Is Protein Coffee Actually Good for You?

Is Protein Coffee Actually Good for You?

TikTok probably isn’t the best place to go for dietary advice. While the platform does have a more useful side — with experts who offer insight into healthcare, sex education and social activism — TikTok’s health and fitness content often trends superfluous and fantastical. Think: flash-in-the-pan workout challenges, skincare boosters, detox teas and appetite suppressors.

Every once in a while, though, something takes off that isn’t all that bad. Like the “protein coffee” trend, which currently has about four million views under the #proffee tag.

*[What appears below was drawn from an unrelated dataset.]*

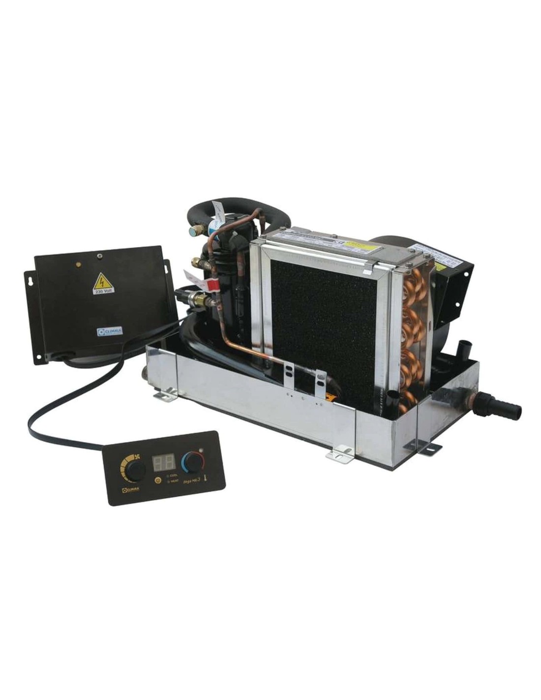 Il più piccolo condizionatore marino sul mercato. Perfetto per condizionare una piccola cabina. Grazie al basso consumo può essere installato anche su piccole imbarcazioni non provviste di generatore o presa banchina (necessaria l'installazione di un inverter opzionale da minimo 800 W continui). Fornito completo di display di controllo.
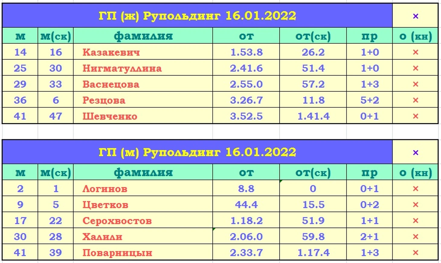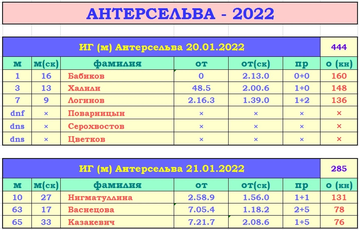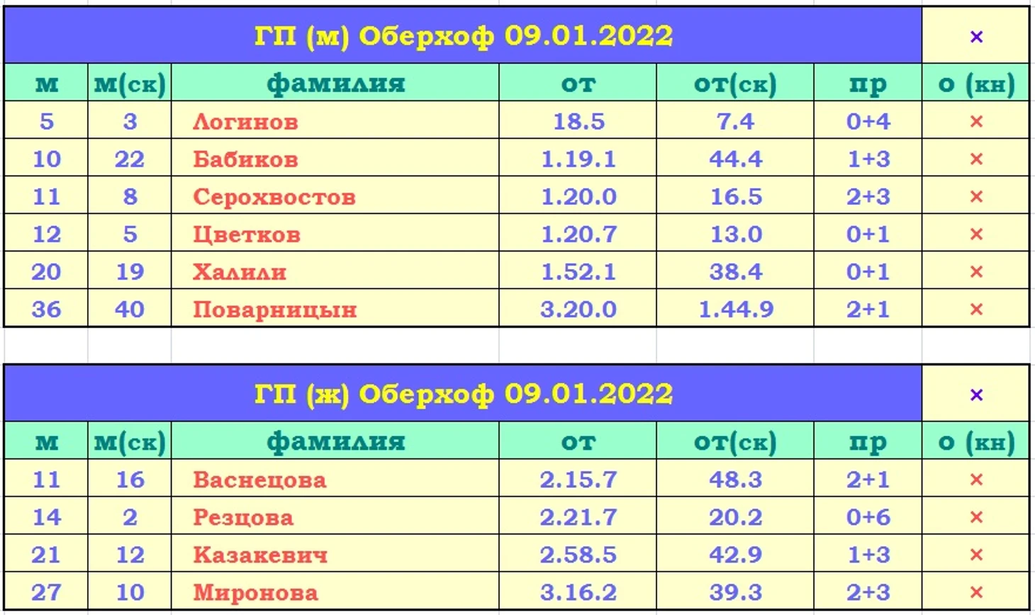 Напомню расшифровку аббревиатур в шапке таблицы: М - место занятое спортсменом в гонке. М(ск) - место в скоростном рейтинге гонки. ОТ - отставание от победителя гонки. ОТ(ск) - отставание от скоростного лидера гонки. ПР - промахи (лёжа + стоя). О(кн) - очки в зачёт Кубка Наций.

Protein coffee is exactly what it sounds like. TikTok users have been posting videos of themselves pouring protein powder or pre-made protein mixes into their morning coffee. Some have even gotten in the habit of making “iced coffee shakes” from scratch, mixing ice, coffee, creamer and vanilla protein powder in a blender.

Why has this gotten so popular? That’s somewhat unclear. High-protein, low-sugar caffeinated beverages are definitely having a moment right now — Super Coffee was valued at $400 million earlier this year, and alternatives like mushroom-based MUDWTR are picking up steam. But TikTok’s home-“brewed” DIY option seems to have won supporters here likely for their cost effectiveness, and as an aspirational addition to add to one’s morning routine.

Plus, many of these videos stump for protein coffee as a pre-workout drink. The science does back up that concept — as we’ve written in the past, drinking coffee 30 to 60 minutes before a workout helps preserve glycogen during prolonged activity. Meanwhile, timed protein intake isn’t as important as most trainees give it credit for. The infamous “anabolic window” (a period of time after a gym session to guzzle protein and fuel fatigued muscles), is larger than most know, and it’s ultimately more important to get sufficient protein than consume it at the very perfect time.

That’s all to say, protein coffee isn’t a bad way to start your day. It can also help you hit some numbers on your dietary reference intake chart. Assuming you keep some of the more sugary /fatty additives out of there, it’s a pretty healthy change of pace from a Starbucks venti.

Just remember not to confuse #proffee with a proper meal. If you’re chugging the blend to make up for a lack of fuel or sleep before you head to your workout, try to push that wake-up time back. You’d be better served with steel-cut oatmeal, a couple eggs, a banana, and a water. And on the caffeine front, make sure to monitor (at least once in a while) how exercise feels without it. It’s an effective pre-workout, yes, but if you need it in order to move your body around, it might be time to cut back.